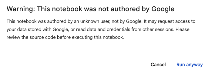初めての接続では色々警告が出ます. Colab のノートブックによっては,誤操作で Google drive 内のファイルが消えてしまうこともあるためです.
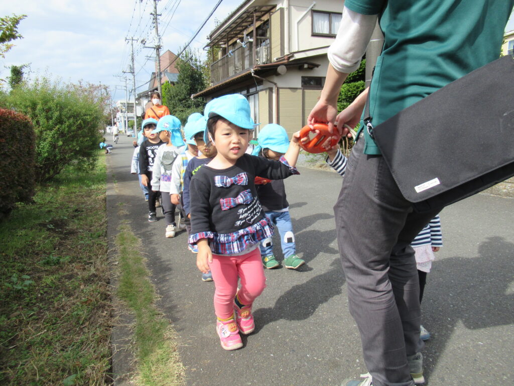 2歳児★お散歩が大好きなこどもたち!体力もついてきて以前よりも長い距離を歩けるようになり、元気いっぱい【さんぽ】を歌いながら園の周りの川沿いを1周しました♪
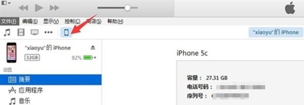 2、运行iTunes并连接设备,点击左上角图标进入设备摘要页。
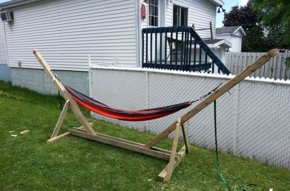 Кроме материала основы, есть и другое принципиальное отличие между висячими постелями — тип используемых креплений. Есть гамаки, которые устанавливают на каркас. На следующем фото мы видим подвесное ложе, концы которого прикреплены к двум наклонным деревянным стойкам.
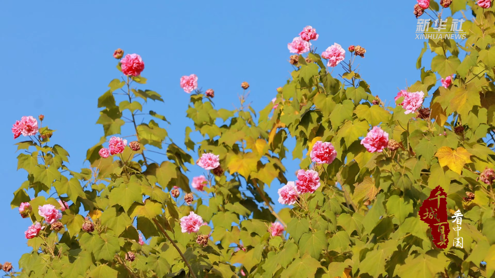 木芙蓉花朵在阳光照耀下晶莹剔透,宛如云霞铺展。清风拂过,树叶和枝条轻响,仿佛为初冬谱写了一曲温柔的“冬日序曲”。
--
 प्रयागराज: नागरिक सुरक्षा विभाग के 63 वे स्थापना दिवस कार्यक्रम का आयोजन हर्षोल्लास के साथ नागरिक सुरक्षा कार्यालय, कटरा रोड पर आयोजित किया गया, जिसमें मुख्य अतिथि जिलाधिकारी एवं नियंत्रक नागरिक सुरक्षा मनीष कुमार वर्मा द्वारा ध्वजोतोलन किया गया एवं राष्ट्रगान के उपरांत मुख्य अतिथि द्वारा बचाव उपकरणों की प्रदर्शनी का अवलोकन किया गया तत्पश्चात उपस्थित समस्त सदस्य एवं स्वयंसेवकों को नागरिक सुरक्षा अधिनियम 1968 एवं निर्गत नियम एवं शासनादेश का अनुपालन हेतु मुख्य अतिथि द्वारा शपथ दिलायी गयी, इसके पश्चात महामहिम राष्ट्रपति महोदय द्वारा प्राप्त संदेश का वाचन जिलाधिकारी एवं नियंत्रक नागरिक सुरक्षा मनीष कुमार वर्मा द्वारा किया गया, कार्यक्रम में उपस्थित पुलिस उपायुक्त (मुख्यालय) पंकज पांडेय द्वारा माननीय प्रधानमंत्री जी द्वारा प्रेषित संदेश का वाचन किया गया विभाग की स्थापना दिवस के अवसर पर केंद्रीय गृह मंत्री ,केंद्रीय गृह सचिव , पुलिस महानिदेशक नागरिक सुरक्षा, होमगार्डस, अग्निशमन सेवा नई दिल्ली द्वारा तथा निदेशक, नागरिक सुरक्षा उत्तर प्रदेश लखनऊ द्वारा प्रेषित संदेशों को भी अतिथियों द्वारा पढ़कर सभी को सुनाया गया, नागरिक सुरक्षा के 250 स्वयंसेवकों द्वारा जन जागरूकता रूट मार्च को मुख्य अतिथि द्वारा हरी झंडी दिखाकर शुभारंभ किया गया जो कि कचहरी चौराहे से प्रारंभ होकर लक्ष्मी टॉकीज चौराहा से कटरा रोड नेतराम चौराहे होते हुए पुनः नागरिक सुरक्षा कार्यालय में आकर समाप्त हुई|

*WHAT THIS TASK INVOLVES*:
Write out, word for word, the stretch of entries that begins at the line with "初めての接続では色々警告が出ます. Colab のノートブックによっては,誤操作で" and ends at the line with "木芙蓉花朵在阳光照耀下晶莹剔". Pictures do not belong in it.

*WRITTEN SOLUTION*:
初めての接続では色々警告が出ます. Colab のノートブックによっては,誤操作で Google drive 内のファイルが消えてしまうこともあるためです.
 2歳児★お散歩が大好きなこどもたち!体力もついてきて以前よりも長い距離を歩けるようになり、元気いっぱい【さんぽ】を歌いながら園の周りの川沿いを1周しました♪
 2、运行iTunes并连接设备,点击左上角图标进入设备摘要页。
 Кроме материала основы, есть и другое принципиальное отличие между висячими постелями — тип используемых креплений. Есть гамаки, которые устанавливают на каркас. На следующем фото мы видим подвесное ложе, концы которого прикреплены к двум наклонным деревянным стойкам.
 木芙蓉花朵在阳光照耀下晶莹剔透,宛如云霞铺展。清风拂过,树叶和枝条轻响,仿佛为初冬谱写了一曲温柔的“冬日序曲”。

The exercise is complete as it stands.